Fun with NTCs
I'm toying with WS2812B muti colored LEDs and wanted to do a "smart" thermometer with them.
At first i used a DHT11/12 i2C temperator/humidity sensor, but they are far from perfect.
They use the i2c bus (or a weird custom protocol) , the accuracy is far from good and they are not so cheap (2$).
Then i realised : I'm using a bluepill with a fairly good ADC converter (as seen on the DSO shell series), let's directly use a NTC resistor.

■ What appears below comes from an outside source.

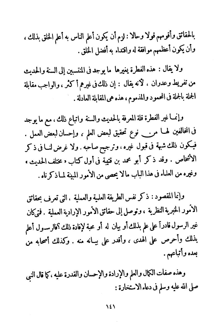 بِالْحَقَائِقِ وَأَقْوَمَهُمْ قَوْلًا وَحَالًا: لَزِمَ أَنْ يَكُونَ أَعْلَمُ النَّاسِ بِهِ أَعْلَمَ الْخَلْقِ بِذَلِكَ وَأَنْ يَكُونَ أَعْظَمُهُمْ مُوَافَقَةً لَهُ وَاقْتِدَاءً بِهِ أَفْضَلَ الْخَلْقِ. وَلَا يُقَالُ: هَذِهِ الْفِطْرَةُ يُغَيِّرُهَا مَا يُوجَدُ فِي الْمُنْتَسِبِينَ إلَى السُّنَّةِ وَالْحَدِيثِ مِنْ تَفْرِيطٍ وَعُدْوَانٍ لِأَنَّهُ يُقَالُ: إنَّ ذَلِكَ فِي غَيْرِهِمْ أَكْثَرُ وَالْوَاجِبُ مُقَابَلَةُ الْجُمْلَةِ بِالْجُمْلَةِ فِي الْمَحْمُودِ وَالْمَذْمُومِ هَذِهِ هِيَ الْمُقَابَلَةُ الْعَادِلَةُ. وَإِنَّمَا غَيْرُ الْفِطْرَةِ قِلَّةُ الْمَعْرِفَةِ بِالْحَدِيثِ وَالسُّنَّةِ وَاتِّبَاعِ ذَلِكَ مَعَ مَا يُوجَدُ فِي الْمُخَالِفِينَ لَهَا مِنْ نَوْعِ تَحْقِيقٍ لِبَعْضِ الْعِلْمِ وَإِحْسَانٍ لِبَعْضِ الْعَمَلِ. فَيَكُونُ ذَلِكَ شُبْهَةً فِي قَبُولِ غَيْرِهِ وَتَرْجِيحِ صَاحِبِهِ. وَلَا غَرَضَ لَنَا فِي ذِكْرِ الْأَشْخَاصِ. وَقَدْ ذَكَرَ أَبُو مُحَمَّدٍ بْنُ قُتَيْبَةَ فِي أَوَّلِ كِتَابِ " مُخْتَلِفِ الْحَدِيثِ " وَغَيْرُهُ مِنْ الْعُلَمَاءِ فِي هَذَا الْبَابِ مَا لَا يُحْصَى مِنْ الْأُمُورِ الْمُبَيِّنَةِ لِمَا ذَكَرْنَاهُ. وَإِنَّمَا الْمَقْصُودُ: ذِكْرُ نَفْسِ الطَّرِيقَةِ الْعِلْمِيَّةِ وَالْعَمَلِيَّةِ الَّتِي تُعْرَفُ بِحَقَائِقِ الْأُمُورِ الْخَبَرِيَّةِ النَّظَرِيَّةِ وَتُوَصِّلُ إلَى حَقَائِقِ الْأُمُورِ الْإِرَادِيَّةِ الْعَمَلِيَّةِ. فَمَتَى كَانَ غَيْرُ الرَّسُولِ قَادِرًا عَلَى عِلْمٍ بِذَلِكَ أَوْ بَيَانٍ لَهُ أَوْ مَحَبَّةٍ لِإِفَادَةِ ذَلِكَ؟ فَالرَّسُولُ أَعْلَمُ بِذَلِكَ وَأَحْرَصُ عَلَى الْهُدَى وَأَقْدَرُ عَلَى بَيَانِهِ مِنْهُ. وَكَذَلِكَ أَصْحَابُهُ مِنْ بَعْدِهِ وَأَتْبَاعُهُمْ. وَهَذِهِ صِفَاتُ الْكَمَالِ وَالْعِلْمِ وَالْإِرَادَةِ وَالْإِحْسَانِ وَالْقُدْرَةِ عَلَيْهِ كَمَا قَالَ النَّبِيُّ صَلَّى اللَّهُ عَلَيْهِ وَسَلَّمَ فِي دُعَاءِ الِاسْتِخَارَةِ:

Good thing i had a broken hotend printer head from the i3, so i extracted the thermistor named '3950/100k'
After looking around, here is what i've found :
* The "3950" part is the beta coefficient , actually it is -3950 as it is a NTC
* The 100k is the resistance at 25 degrees C
The formula is
Beta= TxTref x ln (Rref/R) / (T-Tref)
which can be inverted as
alpha= -beta / ln( Rref/R)
Temp = alpha *(K+25)/(K+25+alpha) -K
with K=273.15
So we have beta = -3950, Rref=100k, Tref=25
How do we measure R ?
Simple we use a resistor divider with a known value , for example 200k
The Adc will measure value V at PB1 and the resistance value is
R= 200 * V/(4095-V)
You can use other resistance value, you just have to know the value accurately
Since it is a relative value, we don't care about the actual Vcc.
And the result ?
Good ! Only one resistor, fairly accurate (+- 0.5 degree) and dirt cheap
So overall, much better than the original DHT1x sensor. The only thing we lose is humidity.